I’ve come to accept that nothing is permanent. Thankfully, I’m an “embrace the change” kind of girl. The flux in my life has reached a new level that I, of course, am not at liberty to discuss. I know, I hate vague blogging, too. This is just one of those moments when people tend to look back and say “I had no idea!” Well, when the time comes for this to see the light of day, you can come back to this post. This is when the shift happened. Everything from this point on is different.

I’ve found that the old adage, “You only live once” only applies to really boring people. Either that or I’m a phoenix, because I’m on my fourth or fifth life. I have comfort in knowing that my best friend and partner for life will be beside me the whole way, but not in the same capacity he has been for the last 21 years. We’re both embarking on the biggest adventures of our lives, but our paths are going two different directions. It’ll be a test to see how far we can reach.
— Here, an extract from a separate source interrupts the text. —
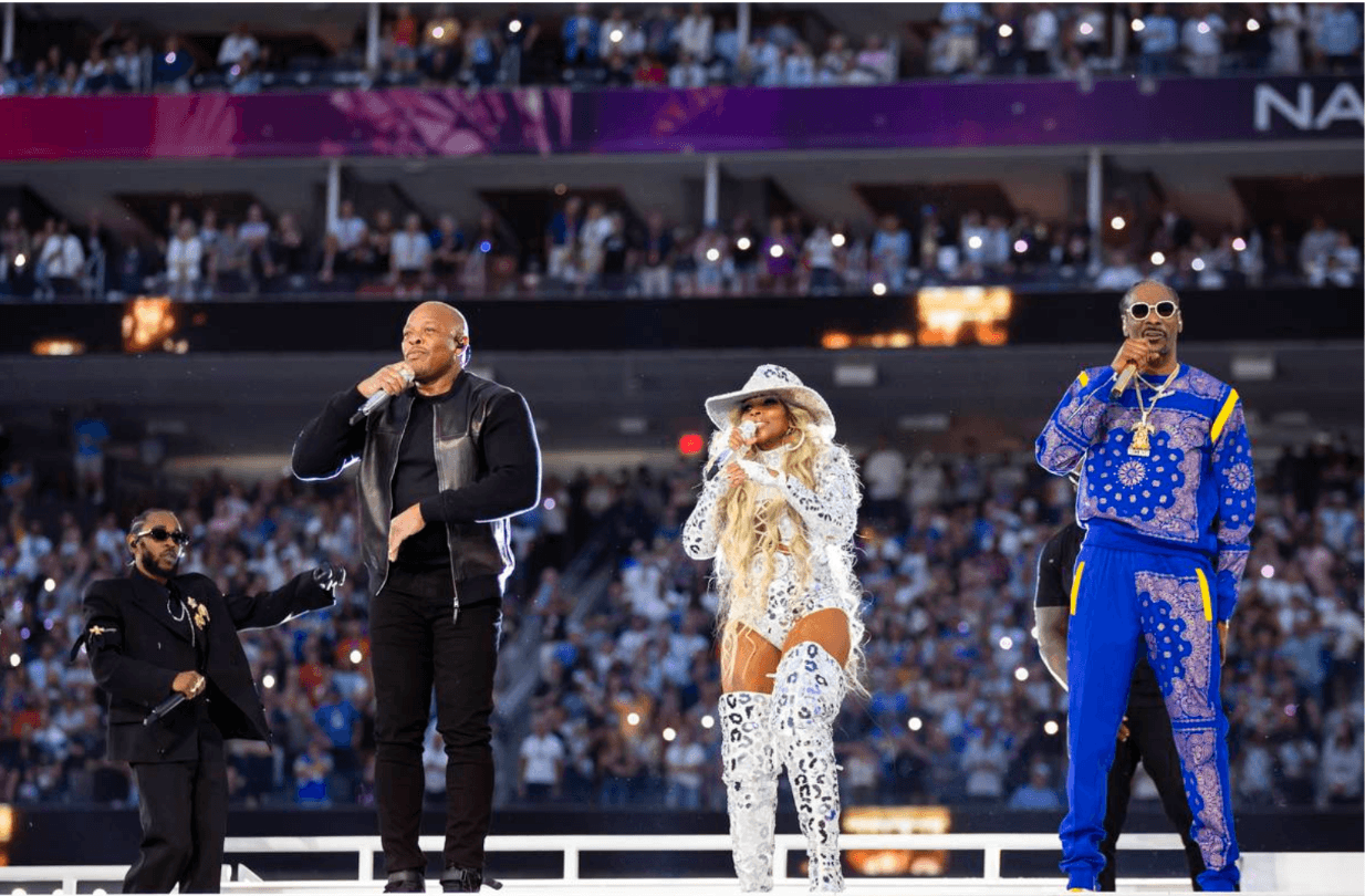 This rapper was the 5th performer accompanying these super bowl stars at half time.

Last December, I changed my name as I turned 38. I remarked then how much the experience felt like a rebirth of sorts. That, for the first time in my life, I was actually Nicole, and 38 was strangely 18, that my adult life was only just beginning. This is a continuation of that. For the first time in my life, I finally feel like I’m a real person. A solid, independent, tangible person. I’m on the cusp of no longer being defined by my titles, of being autonomous, self-made. Self-governing. Self.

My self.

How strange a journey it has been to make it nearly 40 years without knowing myself. What a blessing, though, to be surrounded by people who love me, who understand that I need to discover what I have to contribute to the world outside of supporting and encouraging my family to do something great for themselves.

It’s my turn. And it’s Kyle’s turn. We did exactly what we set out to do. We raised a family together. We traveled the country together. We went from being children to being, well, slightly older children together. And through all of the hard times, we both proudly came out of it all holding hands, covered in dust and ashes. We have spent 21 years doing exactly what everyone swore couldn’t be done.

And here we are, testing our limits to once again do the impossible. This will be the biggest risk we’ve ever taken together, and the hardest part will be, unsurprisingly, not being together. But that’s the idea, right? We know the mountains we can move together. Now we need to see what we can do on our own. I need to know what I’m capable of, and there’s only one way to find out. We have to go into the wilderness alone.

I’m scared. Kyle is scared. Our daughters are scared. But we all know this is the right step for us, and the universe has decreed it’s the right time. Fear has always been my compass, as there’s no growth in the familiar. We’re all watching the flames burn and waiting to see what’s reborn from the ashes.